### PROVIDED MATERIAL
#####

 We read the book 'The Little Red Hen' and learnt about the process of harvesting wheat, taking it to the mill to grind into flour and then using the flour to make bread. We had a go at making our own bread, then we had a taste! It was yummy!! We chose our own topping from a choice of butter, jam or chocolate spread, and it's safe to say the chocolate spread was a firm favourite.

#####

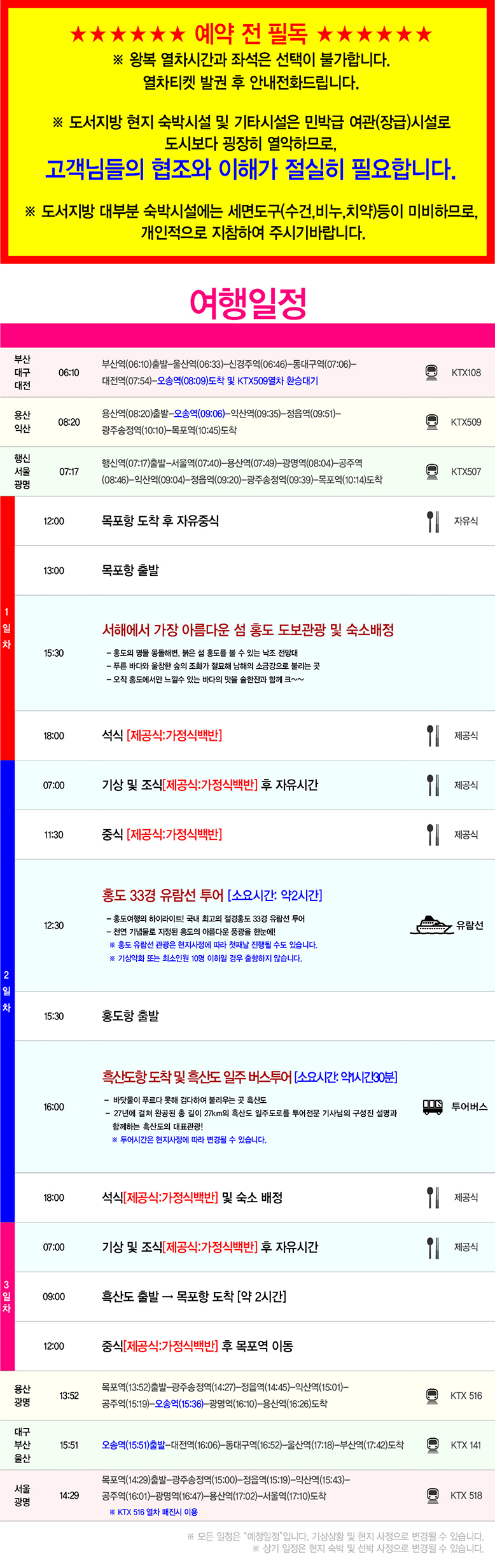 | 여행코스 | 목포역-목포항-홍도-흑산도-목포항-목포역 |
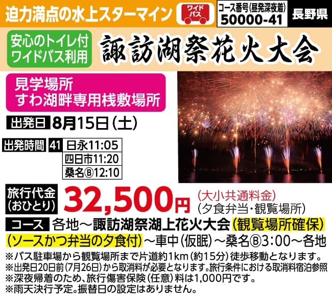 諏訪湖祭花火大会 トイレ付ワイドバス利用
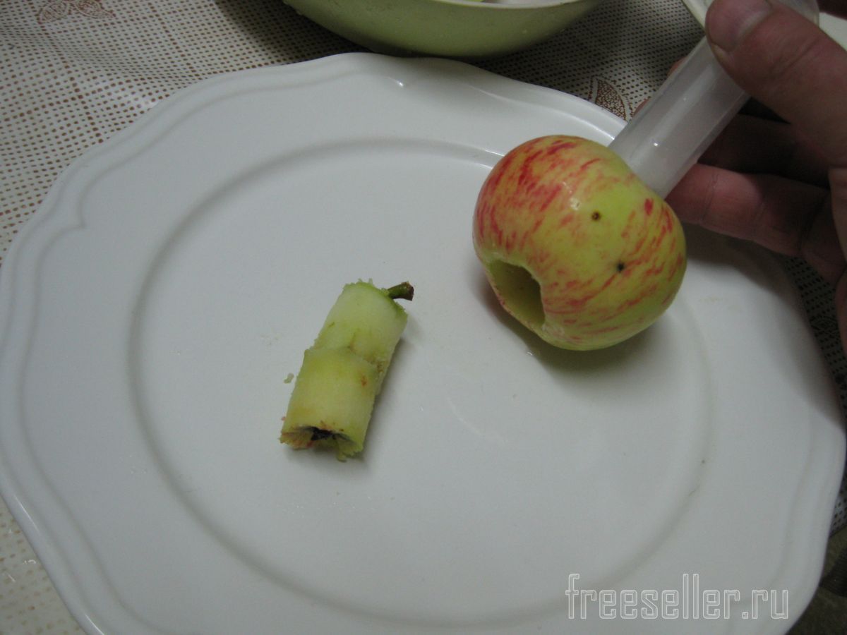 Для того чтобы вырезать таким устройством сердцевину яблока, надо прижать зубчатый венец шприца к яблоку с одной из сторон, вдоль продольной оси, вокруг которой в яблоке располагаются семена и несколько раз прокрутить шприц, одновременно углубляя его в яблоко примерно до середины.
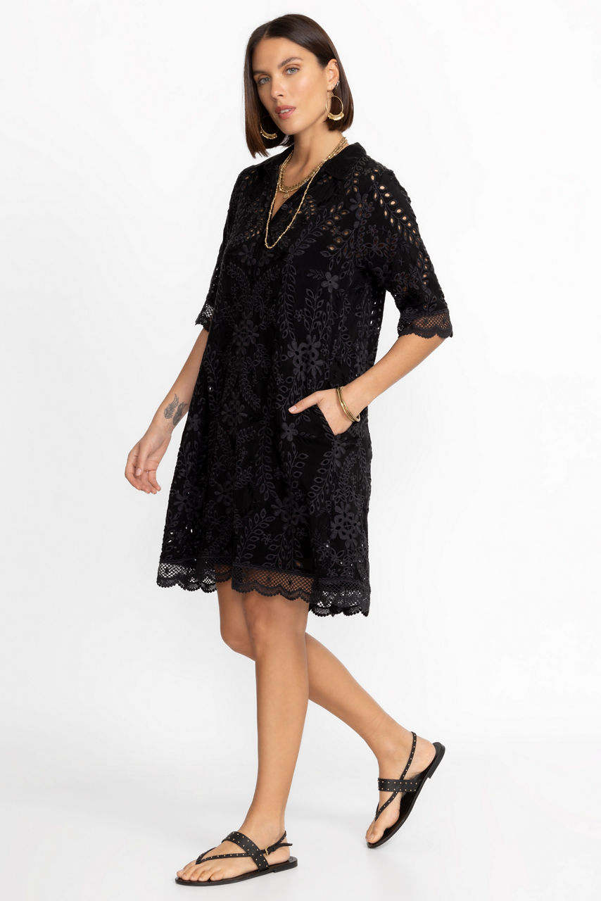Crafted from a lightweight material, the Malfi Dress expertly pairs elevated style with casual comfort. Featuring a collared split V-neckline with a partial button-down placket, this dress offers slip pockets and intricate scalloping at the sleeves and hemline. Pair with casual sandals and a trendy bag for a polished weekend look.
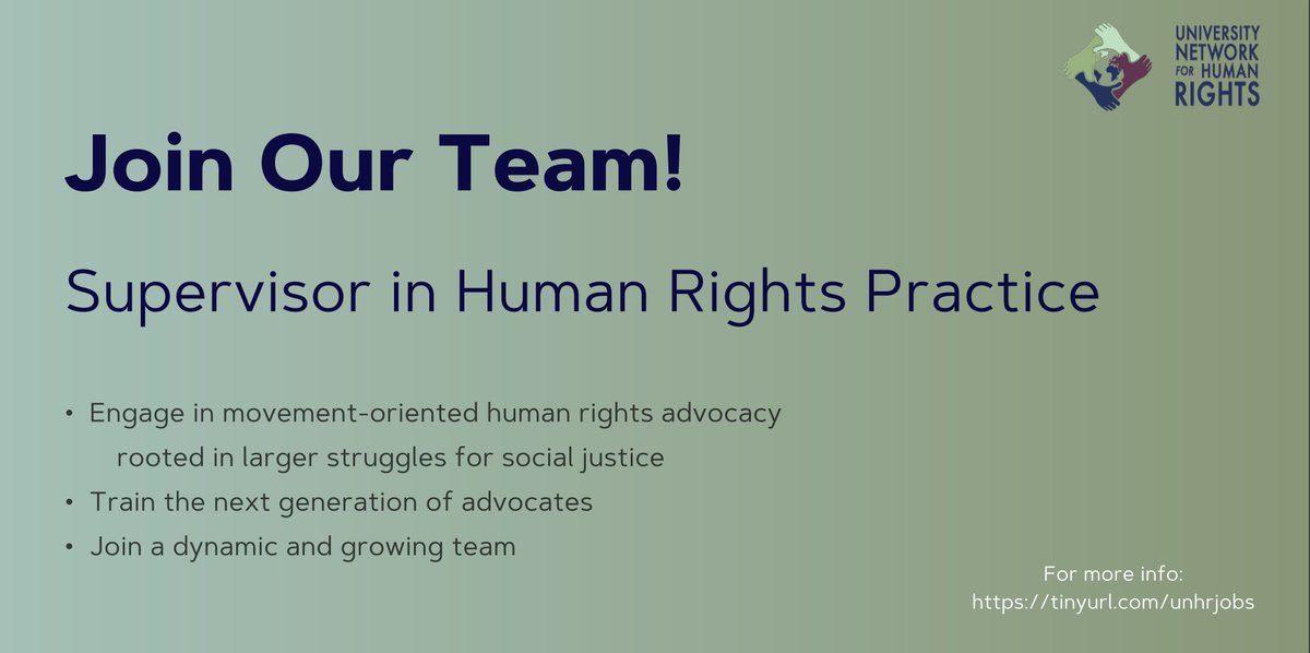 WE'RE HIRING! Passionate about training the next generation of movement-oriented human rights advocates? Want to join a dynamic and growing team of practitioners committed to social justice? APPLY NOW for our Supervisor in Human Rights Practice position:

#####

### EXERCISE REQUIREMENTS
Here the job is to copy the listing above word for word, starting at the line with "諏訪湖祭花火大会 トイレ付ワイドバス利用" and ending at the line with "Для того чтобы", and to leave out the pictures.

### SOLUTION FOR THIS EXERCISE
 諏訪湖祭花火大会 トイレ付ワイドバス利用
 Для того чтобы вырезать таким устройством сердцевину яблока, надо прижать зубчатый венец шприца к яблоку с одной из сторон, вдоль продольной оси, вокруг которой в яблоке располагаются семена и несколько раз прокрутить шприц, одновременно углубляя его в яблоко примерно до середины.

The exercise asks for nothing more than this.